Problem details — The records that follow are to be repeated exactly, with the pictures removed.

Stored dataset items
________

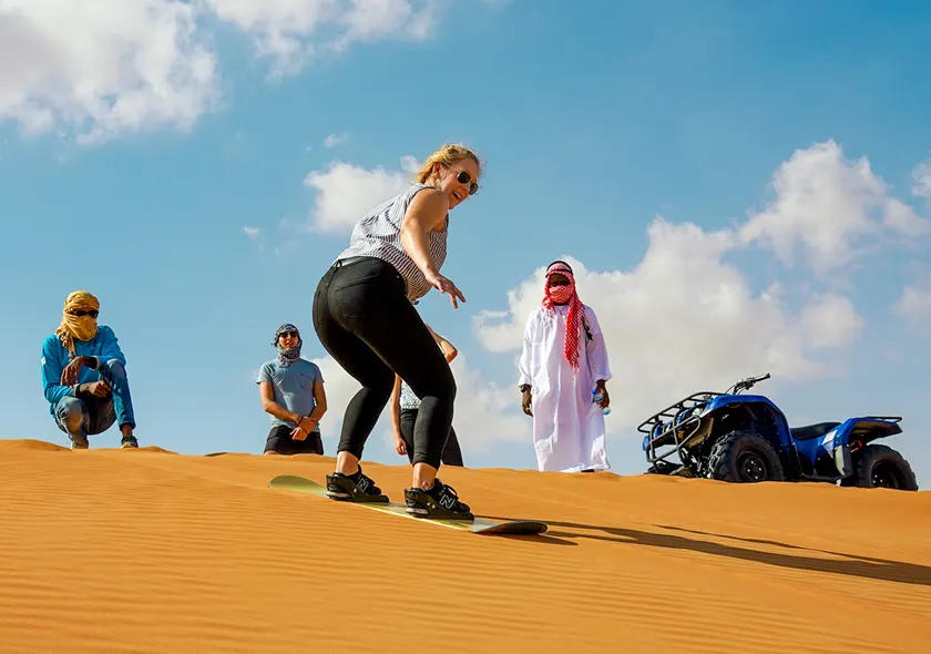 Self drive buggy ride, Sandboarding, Water, Safety gears and tour guide.
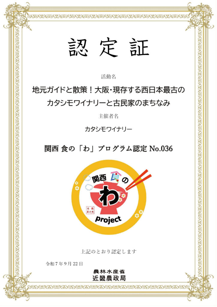 地域の皆さん、農家の皆さん、お客様たち、酒屋さんたち、飲食店さんたち、美容師さんたち・・皆で頑張る『100年以上続くぶどう畑をワインの力で次の100年につなげる』活動が「大阪産(もん)五つの星大賞」を受賞
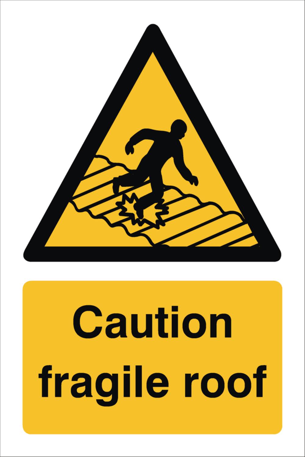 This Caution Fragile Roof Sign is perfect for use as a warning sign in the agricultural industry, farms, factories, industrial buildings or other premises with fragile roofs. Designed to be used outside it is fully waterproof and is used to inform and warn, employees, tradesmen and many others of a potential danger of a roof that may pose a hazard if walked upon. The Health and Safety (Safety Signs and Signals) Regulations 1996, recommend that where a risk cannot be completely removed a suitable warning sign should be displayed to warn people of a possible danger.
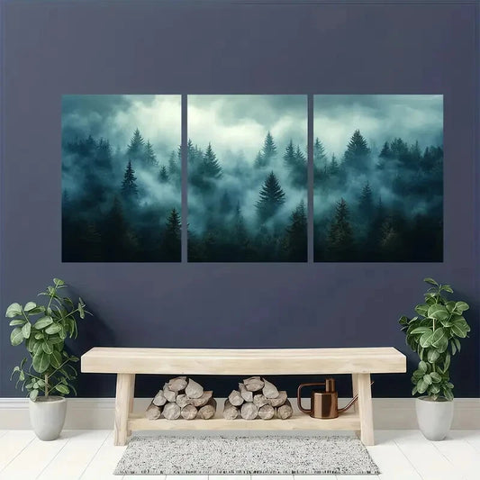 3pcs Misty Pine Forest Modern Nature Metal Print Ready to Hang Art
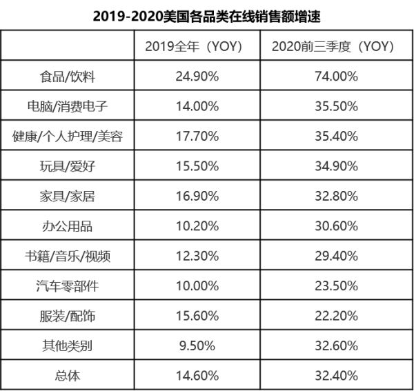 各品类的在线销售额也快速增长,以美国市场为例,2020年前三季度,各品类销售额增速均高于2019年,电脑/消费电子、办公用品、玩具/爱好、健康/个人护理/美容、家具/家居等宅经济相关品类增幅更为明显,也正是出海企业主要投放的品类。
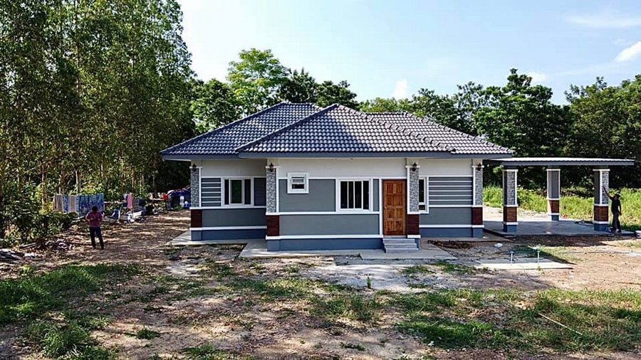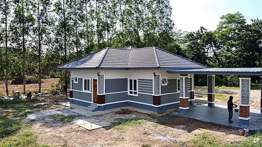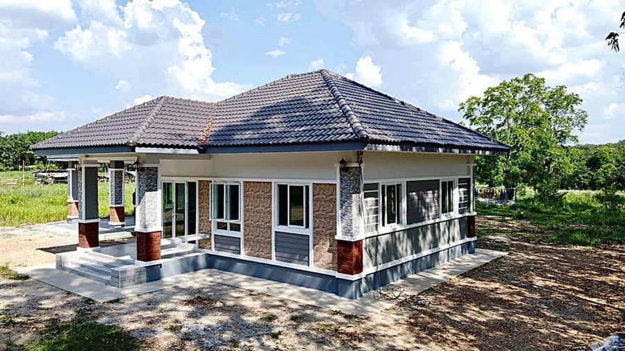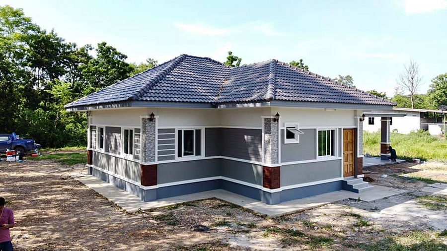 บ้านหลังนี้เป้นบ้านขนาดชั้นเดียว ตัวบ้านออกแบบในดีไซน์คอนเทมโพรารี เน้นรายละเอียดการตกแต่งอย่างสวยงาม หลังคาทรงปั้นหยามุงกระเบื้องลอน ่ผนังภายนอกบ้านเลือกใช้โทนสีครีมสลับกับสีน้ำเงินอมเทา พร้อมเพิ่มดีเทลด้วยอิฐหินทรายลวดลายสวยงาม
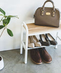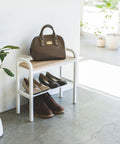 Dit schoenenrek van Yamazaki heeft een multifunctionele bank en wordt de nieuwe blikvanger van je entree. Het rek wordt geleverd met een houten zitting aan de bovenkant, terwijl de middelste staven gebruikt kunnen worden om schoenen te plaatsen. De vrije onderste gleuf is ideaal om wat meer schoenen of zelfs kleinerere spullen in te plaatsen. Dankzij het elegante en moderne ontwerp past het rek geweldig in iedere hal.
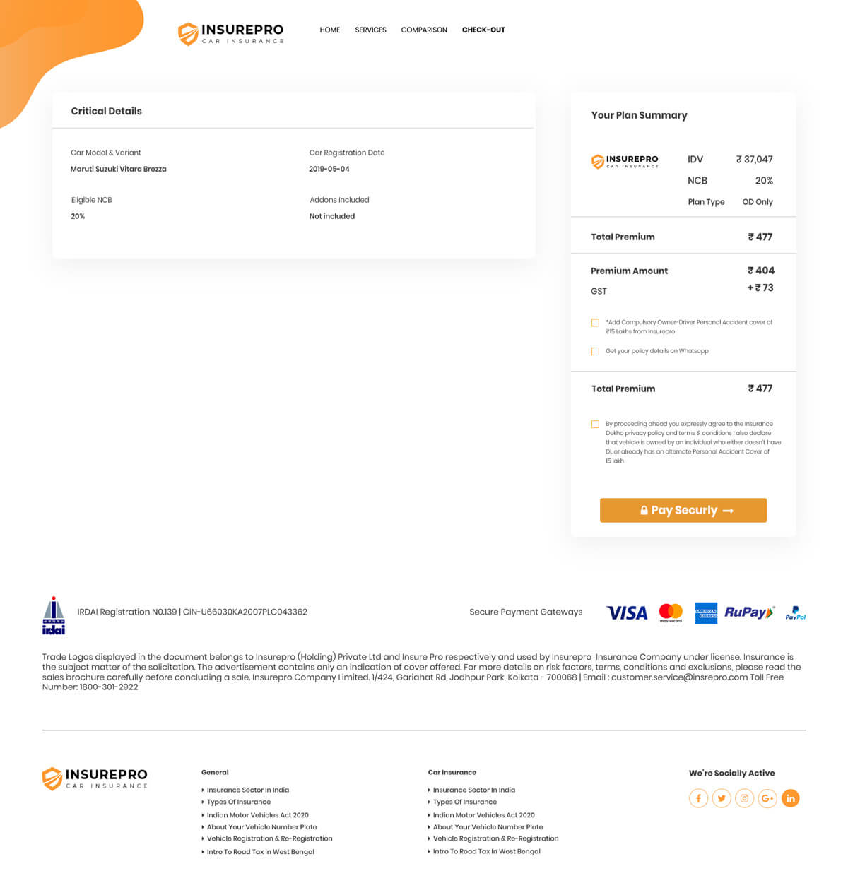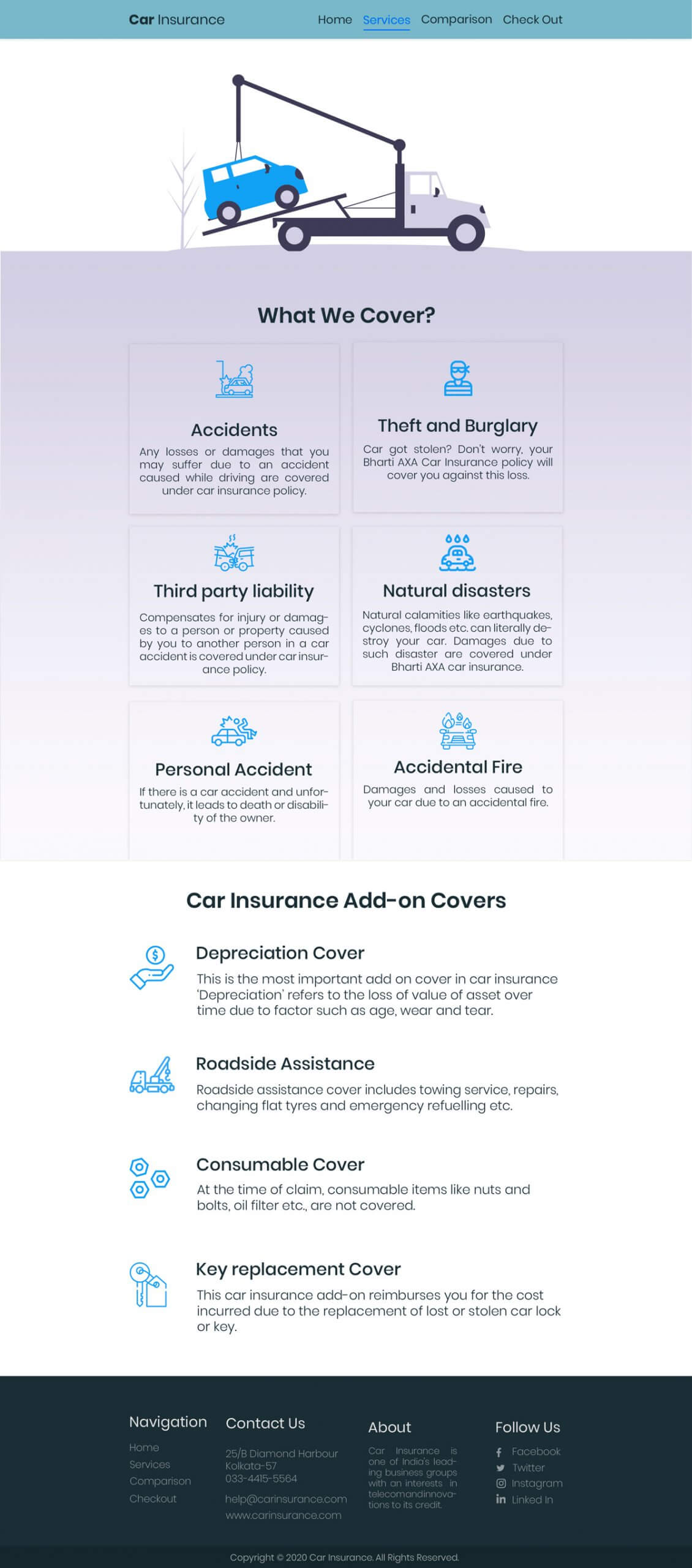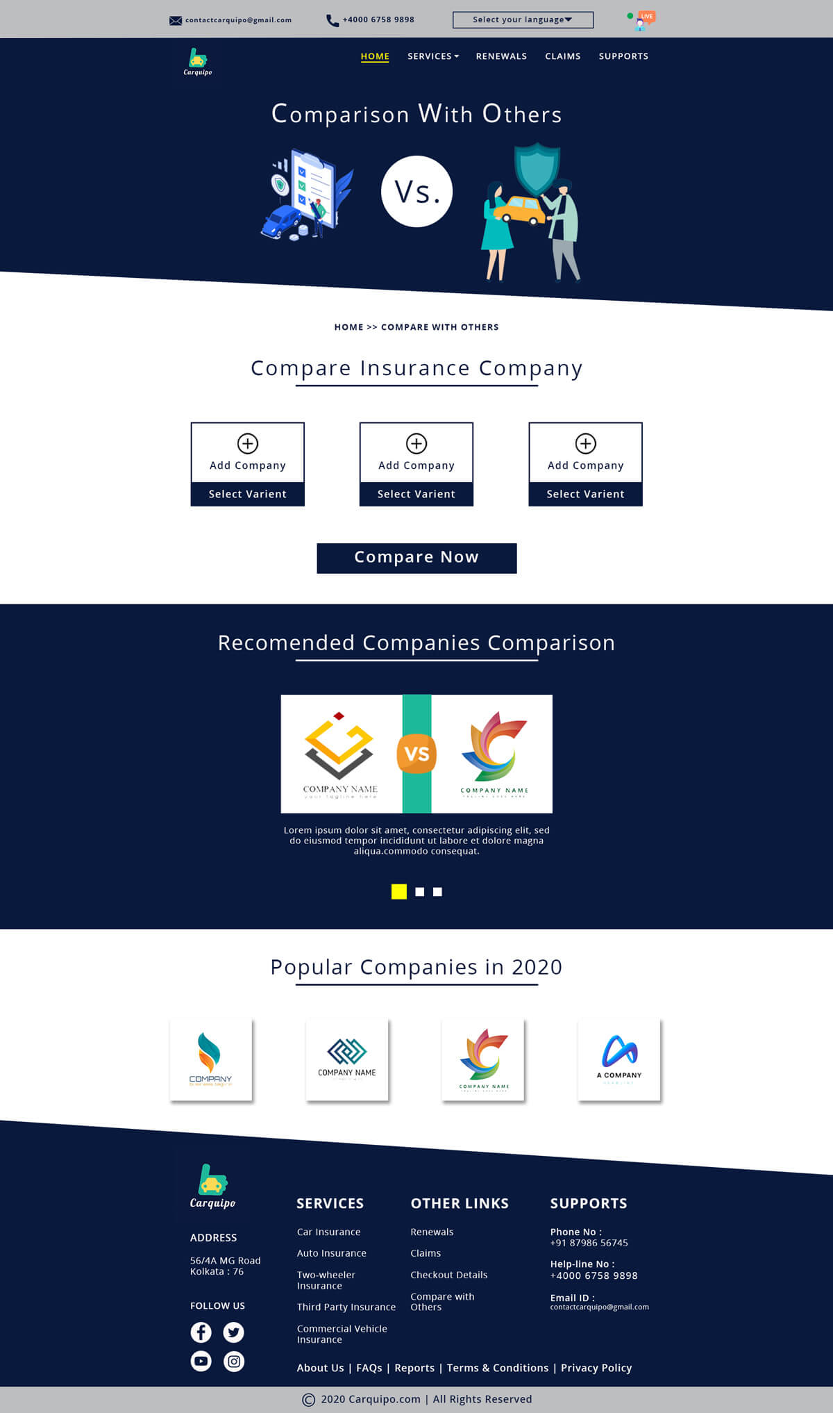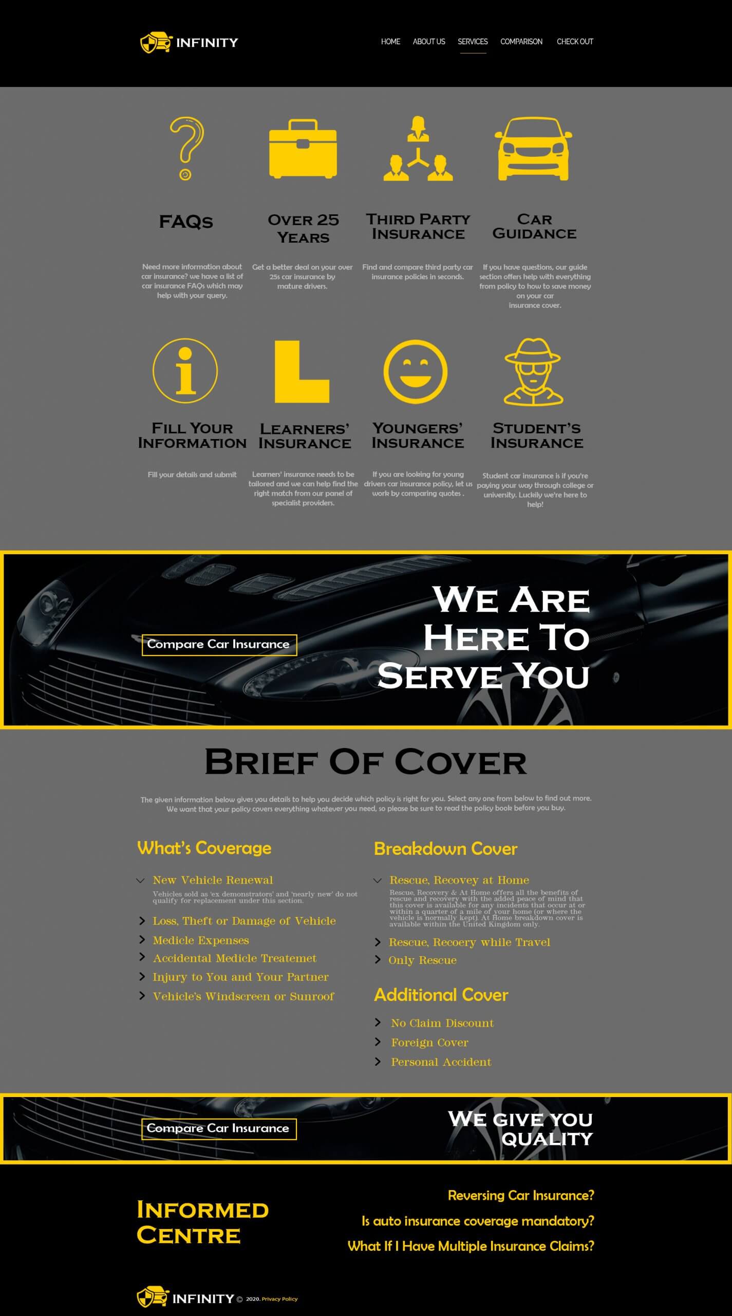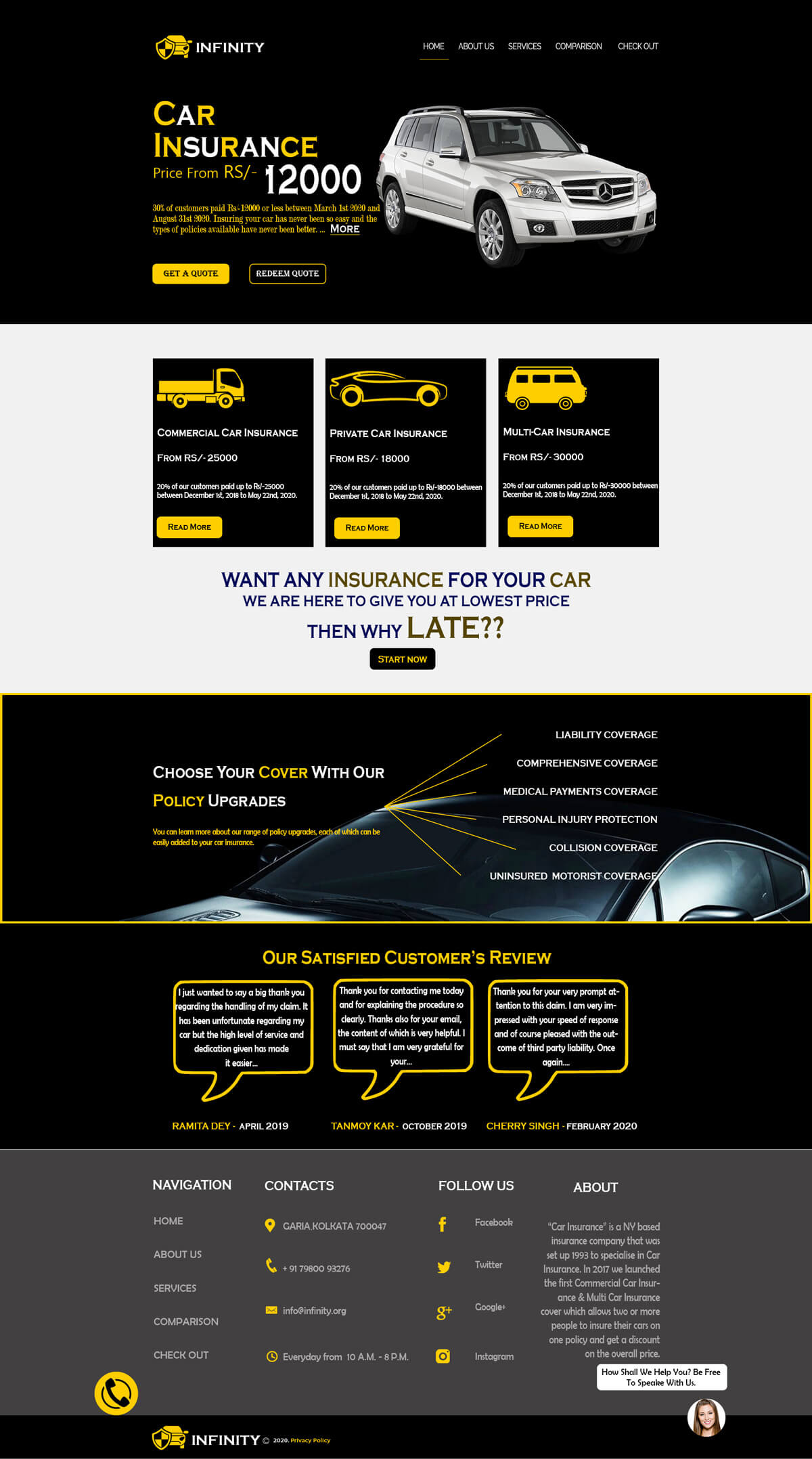 Create a mockup for insurance company providing car insurance through online. Your mockup must include Home page, Services page, Comparison with other insurance companies page, Check out page. Separately include an online chat option for the viewers/ visitors

________

Answer to this exercise —
 Self drive buggy ride, Sandboarding, Water, Safety gears and tour guide.
 地域の皆さん、農家の皆さん、お客様たち、酒屋さんたち、飲食店さんたち、美容師さんたち・・皆で頑張る『100年以上続くぶどう畑をワインの力で次の100年につなげる』活動が「大阪産(もん)五つの星大賞」を受賞
 This Caution Fragile Roof Sign is perfect for use as a warning sign in the agricultural industry, farms, factories, industrial buildings or other premises with fragile roofs. Designed to be used outside it is fully waterproof and is used to inform and warn, employees, tradesmen and many others of a potential danger of a roof that may pose a hazard if walked upon. The Health and Safety (Safety Signs and Signals) Regulations 1996, recommend that where a risk cannot be completely removed a suitable warning sign should be displayed to warn people of a possible danger.
 3pcs Misty Pine Forest Modern Nature Metal Print Ready to Hang Art
 各品类的在线销售额也快速增长,以美国市场为例,2020年前三季度,各品类销售额增速均高于2019年,电脑/消费电子、办公用品、玩具/爱好、健康/个人护理/美容、家具/家居等宅经济相关品类增幅更为明显,也正是出海企业主要投放的品类。
 บ้านหลังนี้เป้นบ้านขนาดชั้นเดียว ตัวบ้านออกแบบในดีไซน์คอนเทมโพรารี เน้นรายละเอียดการตกแต่งอย่างสวยงาม หลังคาทรงปั้นหยามุงกระเบื้องลอน ่ผนังภายนอกบ้านเลือกใช้โทนสีครีมสลับกับสีน้ำเงินอมเทา พร้อมเพิ่มดีเทลด้วยอิฐหินทรายลวดลายสวยงาม
 Dit schoenenrek van Yamazaki heeft een multifunctionele bank en wordt de nieuwe blikvanger van je entree. Het rek wordt geleverd met een houten zitting aan de bovenkant, terwijl de middelste staven gebruikt kunnen worden om schoenen te plaatsen. De vrije onderste gleuf is ideaal om wat meer schoenen of zelfs kleinerere spullen in te plaatsen. Dankzij het elegante en moderne ontwerp past het rek geweldig in iedere hal.
 Create a mockup for insurance company providing car insurance through online. Your mockup must include Home page, Services page, Comparison with other insurance companies page, Check out page. Separately include an online chat option for the viewers/ visitors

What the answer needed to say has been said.